The transfer learning strategy adopted in this study is illustrated in Figure 6. A CNN model is first trained on the source dataset to obtain a pretrained model, which captures general low- and mid-level features such as edges, textures, and shape patterns in the time–frequency domain. These features typically exhibit strong generalization and are transferable across tasks. To enhance domain similarity, the target data is reshaped through spectral analysis to highlight its dominant frequency components and suppress noise.

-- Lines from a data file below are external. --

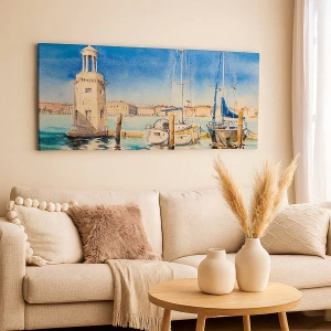 Lærredstryk - Billede på lærred - Solrig lagune - 100x40 cm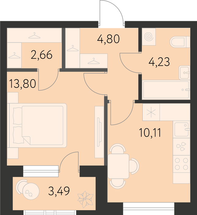 Общая площадь:34.69 м2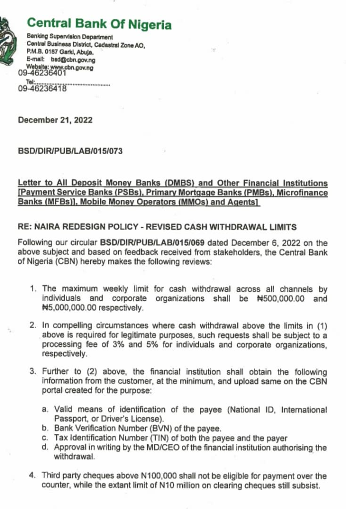 It reads in part: “In compelling circumstances where cash withdrawal above the limits is required for legitimate purposes, such requests shall be subject to a processing fee of three per cent and five per cent for individuals and corporate organisations, respectively.”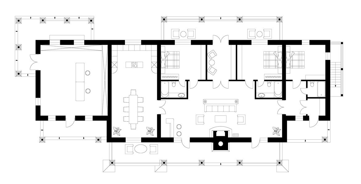 План дома организован таким образом, что вмещает в себя просторную гостиную с баром, столовую с кухней, две спальни с отдельными ванными и гостевую комнату. Мастерская может использоваться как летом, так и зимой.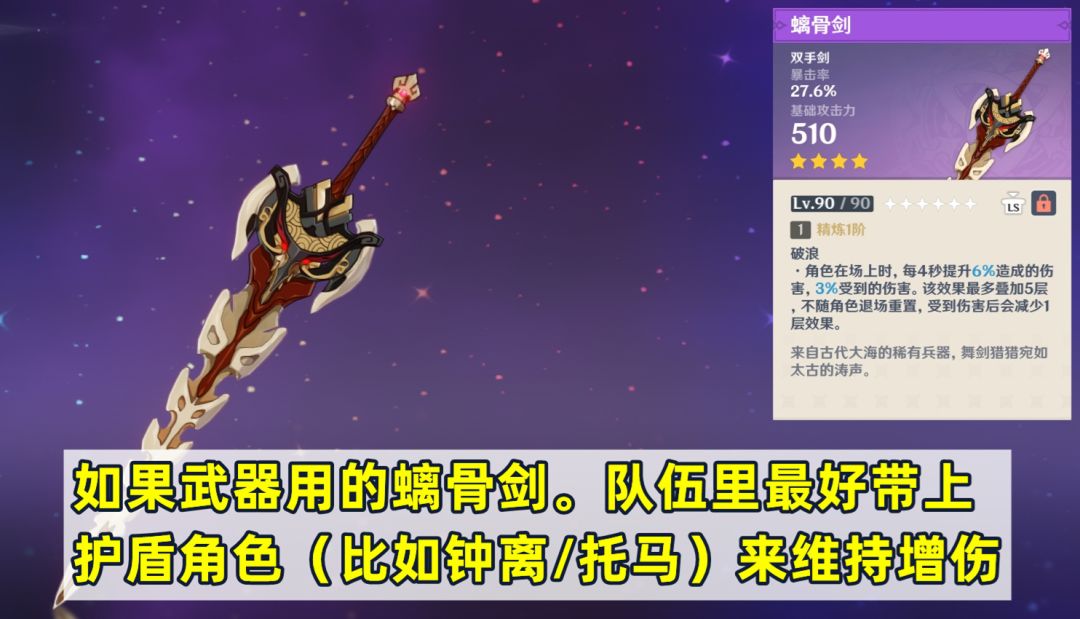 【武器选择】首选专武山王长牙,专武以外推荐三把武器:裁断、苇海信标和螭骨剑。如果选择的是裁断,推荐队伍里带上钟离来触发结晶反应(火+岩),从而触发裁断的战技增伤;如果选的是螭骨剑,同样推荐带上护盾角色(比如钟离/托马)来维持增伤。

This preprocessing step improves the relevance of the target features to the source domain, thereby facilitating more effective transfer learning. Next, the pretrained model is adapted to the target task by freezing the early convolutional layers and retraining the fully connected layers. This allows the model to learn task-specific classification mappings while preserving transferable low-level representations. Finally, selected later convolutional layers and all fully connected layers are fine-tuned using the target data, further improving the model’s ability to extract and represent target-specific features. This approach integrates frequency-domain feature reshaping with adaptive fine-tuning, enabling effective knowledge transfer across different bearing systems and signal types. The following sections provide detailed validation through case studies.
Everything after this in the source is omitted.